_The task_:
Write out the full set of records exactly. Any pictures in them do not belong in the copy.

_Provided entries_:
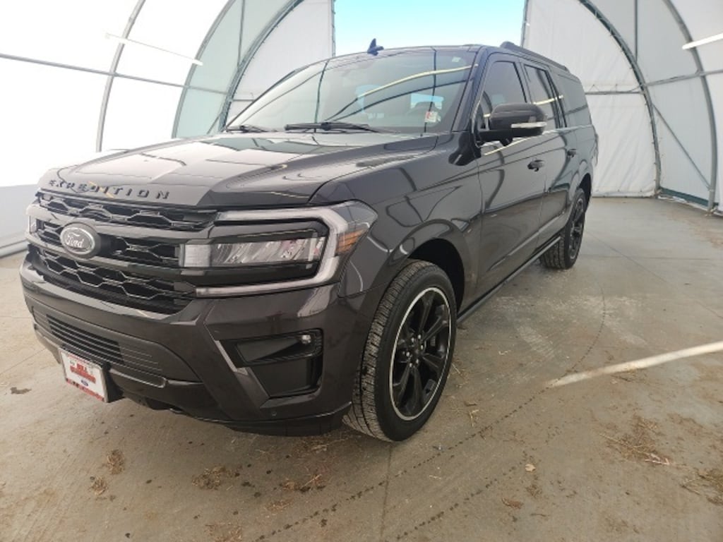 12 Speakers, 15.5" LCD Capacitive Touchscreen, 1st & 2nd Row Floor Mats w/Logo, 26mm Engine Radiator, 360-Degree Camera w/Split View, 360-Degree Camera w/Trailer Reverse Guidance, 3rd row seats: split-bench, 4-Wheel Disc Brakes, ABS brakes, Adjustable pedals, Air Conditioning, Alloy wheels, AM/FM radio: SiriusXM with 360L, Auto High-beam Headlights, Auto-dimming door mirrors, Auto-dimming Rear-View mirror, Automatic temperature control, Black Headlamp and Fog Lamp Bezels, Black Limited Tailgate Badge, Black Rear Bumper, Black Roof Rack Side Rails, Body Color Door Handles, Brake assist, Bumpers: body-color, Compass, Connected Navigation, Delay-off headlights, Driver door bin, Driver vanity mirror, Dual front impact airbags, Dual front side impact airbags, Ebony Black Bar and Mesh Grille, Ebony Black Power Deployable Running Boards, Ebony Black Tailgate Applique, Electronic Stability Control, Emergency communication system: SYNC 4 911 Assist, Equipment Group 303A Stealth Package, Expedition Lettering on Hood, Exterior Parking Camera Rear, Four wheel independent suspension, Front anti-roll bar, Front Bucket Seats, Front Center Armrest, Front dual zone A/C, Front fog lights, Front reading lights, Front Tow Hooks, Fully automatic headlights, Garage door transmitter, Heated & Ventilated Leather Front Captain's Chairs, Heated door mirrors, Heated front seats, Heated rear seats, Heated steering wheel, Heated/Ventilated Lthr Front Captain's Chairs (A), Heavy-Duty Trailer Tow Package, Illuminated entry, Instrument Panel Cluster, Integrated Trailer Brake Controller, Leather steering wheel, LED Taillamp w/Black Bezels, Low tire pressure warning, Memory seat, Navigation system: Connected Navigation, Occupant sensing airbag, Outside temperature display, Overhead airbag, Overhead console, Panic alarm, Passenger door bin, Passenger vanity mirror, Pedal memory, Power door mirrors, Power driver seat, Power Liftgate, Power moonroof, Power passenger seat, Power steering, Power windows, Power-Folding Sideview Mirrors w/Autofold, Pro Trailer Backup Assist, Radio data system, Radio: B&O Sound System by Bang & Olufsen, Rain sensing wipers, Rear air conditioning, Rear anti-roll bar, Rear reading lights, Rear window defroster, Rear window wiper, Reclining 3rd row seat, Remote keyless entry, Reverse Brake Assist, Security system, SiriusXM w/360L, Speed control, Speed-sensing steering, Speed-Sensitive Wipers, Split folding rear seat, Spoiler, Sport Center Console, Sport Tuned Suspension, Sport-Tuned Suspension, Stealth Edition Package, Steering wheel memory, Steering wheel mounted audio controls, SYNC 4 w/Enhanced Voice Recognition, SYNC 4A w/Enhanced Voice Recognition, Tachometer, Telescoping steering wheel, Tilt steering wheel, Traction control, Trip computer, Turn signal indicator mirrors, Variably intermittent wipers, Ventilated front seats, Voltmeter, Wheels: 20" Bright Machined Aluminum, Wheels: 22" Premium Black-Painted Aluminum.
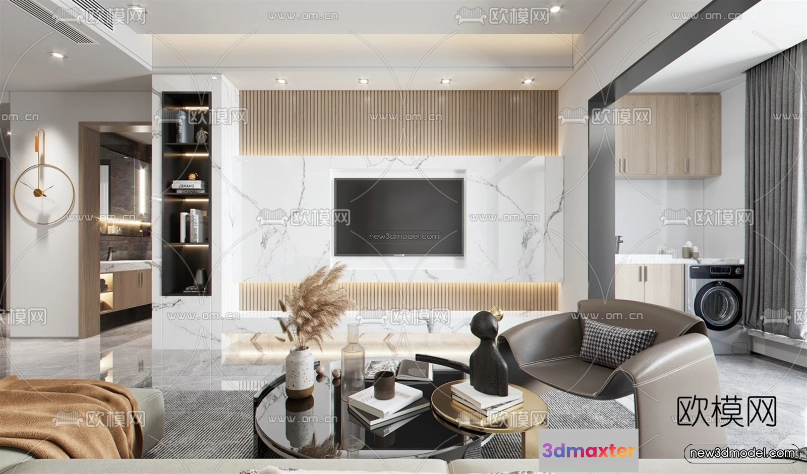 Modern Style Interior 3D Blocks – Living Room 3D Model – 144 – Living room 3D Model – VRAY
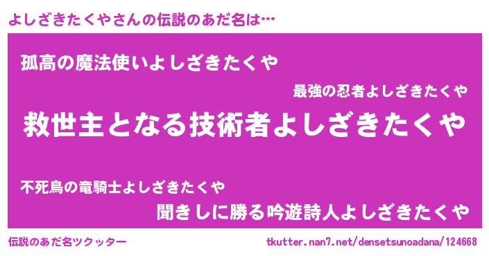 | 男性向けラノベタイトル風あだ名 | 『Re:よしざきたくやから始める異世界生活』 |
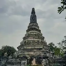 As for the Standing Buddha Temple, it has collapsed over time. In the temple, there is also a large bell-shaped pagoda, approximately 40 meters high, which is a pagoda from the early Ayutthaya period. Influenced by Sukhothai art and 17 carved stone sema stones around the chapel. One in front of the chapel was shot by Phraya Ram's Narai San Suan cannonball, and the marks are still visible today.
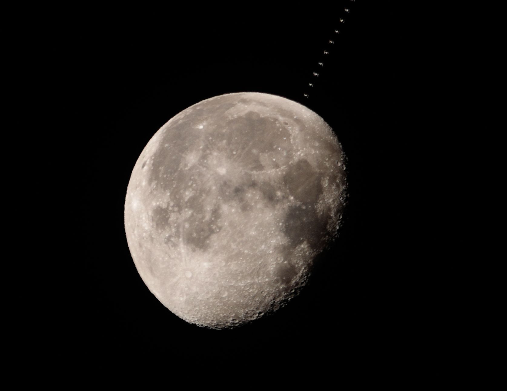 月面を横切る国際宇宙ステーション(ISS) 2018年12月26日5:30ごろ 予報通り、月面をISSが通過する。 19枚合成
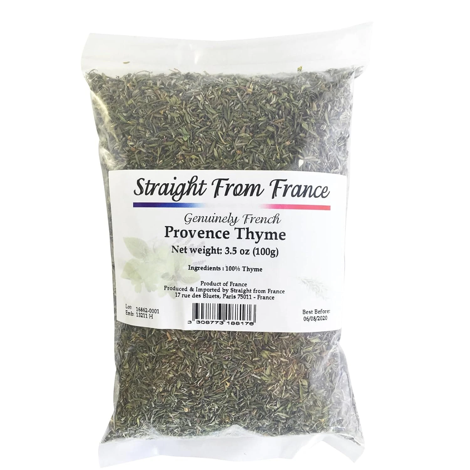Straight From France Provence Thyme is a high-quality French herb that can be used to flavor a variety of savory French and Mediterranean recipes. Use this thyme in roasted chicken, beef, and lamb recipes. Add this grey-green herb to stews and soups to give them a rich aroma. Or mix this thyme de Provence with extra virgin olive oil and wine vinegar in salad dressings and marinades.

_Result of this task_:
 12 Speakers, 15.5" LCD Capacitive Touchscreen, 1st & 2nd Row Floor Mats w/Logo, 26mm Engine Radiator, 360-Degree Camera w/Split View, 360-Degree Camera w/Trailer Reverse Guidance, 3rd row seats: split-bench, 4-Wheel Disc Brakes, ABS brakes, Adjustable pedals, Air Conditioning, Alloy wheels, AM/FM radio: SiriusXM with 360L, Auto High-beam Headlights, Auto-dimming door mirrors, Auto-dimming Rear-View mirror, Automatic temperature control, Black Headlamp and Fog Lamp Bezels, Black Limited Tailgate Badge, Black Rear Bumper, Black Roof Rack Side Rails, Body Color Door Handles, Brake assist, Bumpers: body-color, Compass, Connected Navigation, Delay-off headlights, Driver door bin, Driver vanity mirror, Dual front impact airbags, Dual front side impact airbags, Ebony Black Bar and Mesh Grille, Ebony Black Power Deployable Running Boards, Ebony Black Tailgate Applique, Electronic Stability Control, Emergency communication system: SYNC 4 911 Assist, Equipment Group 303A Stealth Package, Expedition Lettering on Hood, Exterior Parking Camera Rear, Four wheel independent suspension, Front anti-roll bar, Front Bucket Seats, Front Center Armrest, Front dual zone A/C, Front fog lights, Front reading lights, Front Tow Hooks, Fully automatic headlights, Garage door transmitter, Heated & Ventilated Leather Front Captain's Chairs, Heated door mirrors, Heated front seats, Heated rear seats, Heated steering wheel, Heated/Ventilated Lthr Front Captain's Chairs (A), Heavy-Duty Trailer Tow Package, Illuminated entry, Instrument Panel Cluster, Integrated Trailer Brake Controller, Leather steering wheel, LED Taillamp w/Black Bezels, Low tire pressure warning, Memory seat, Navigation system: Connected Navigation, Occupant sensing airbag, Outside temperature display, Overhead airbag, Overhead console, Panic alarm, Passenger door bin, Passenger vanity mirror, Pedal memory, Power door mirrors, Power driver seat, Power Liftgate, Power moonroof, Power passenger seat, Power steering, Power windows, Power-Folding Sideview Mirrors w/Autofold, Pro Trailer Backup Assist, Radio data system, Radio: B&O Sound System by Bang & Olufsen, Rain sensing wipers, Rear air conditioning, Rear anti-roll bar, Rear reading lights, Rear window defroster, Rear window wiper, Reclining 3rd row seat, Remote keyless entry, Reverse Brake Assist, Security system, SiriusXM w/360L, Speed control, Speed-sensing steering, Speed-Sensitive Wipers, Split folding rear seat, Spoiler, Sport Center Console, Sport Tuned Suspension, Sport-Tuned Suspension, Stealth Edition Package, Steering wheel memory, Steering wheel mounted audio controls, SYNC 4 w/Enhanced Voice Recognition, SYNC 4A w/Enhanced Voice Recognition, Tachometer, Telescoping steering wheel, Tilt steering wheel, Traction control, Trip computer, Turn signal indicator mirrors, Variably intermittent wipers, Ventilated front seats, Voltmeter, Wheels: 20" Bright Machined Aluminum, Wheels: 22" Premium Black-Painted Aluminum.
 Modern Style Interior 3D Blocks – Living Room 3D Model – 144 – Living room 3D Model – VRAY
 | 男性向けラノベタイトル風あだ名 | 『Re:よしざきたくやから始める異世界生活』 |
 As for the Standing Buddha Temple, it has collapsed over time. In the temple, there is also a large bell-shaped pagoda, approximately 40 meters high, which is a pagoda from the early Ayutthaya period. Influenced by Sukhothai art and 17 carved stone sema stones around the chapel. One in front of the chapel was shot by Phraya Ram's Narai San Suan cannonball, and the marks are still visible today.
 月面を横切る国際宇宙ステーション(ISS) 2018年12月26日5:30ごろ 予報通り、月面をISSが通過する。 19枚合成
Straight From France Provence Thyme is a high-quality French herb that can be used to flavor a variety of savory French and Mediterranean recipes. Use this thyme in roasted chicken, beef, and lamb recipes. Add this grey-green herb to stews and soups to give them a rich aroma. Or mix this thyme de Provence with extra virgin olive oil and wine vinegar in salad dressings and marinades.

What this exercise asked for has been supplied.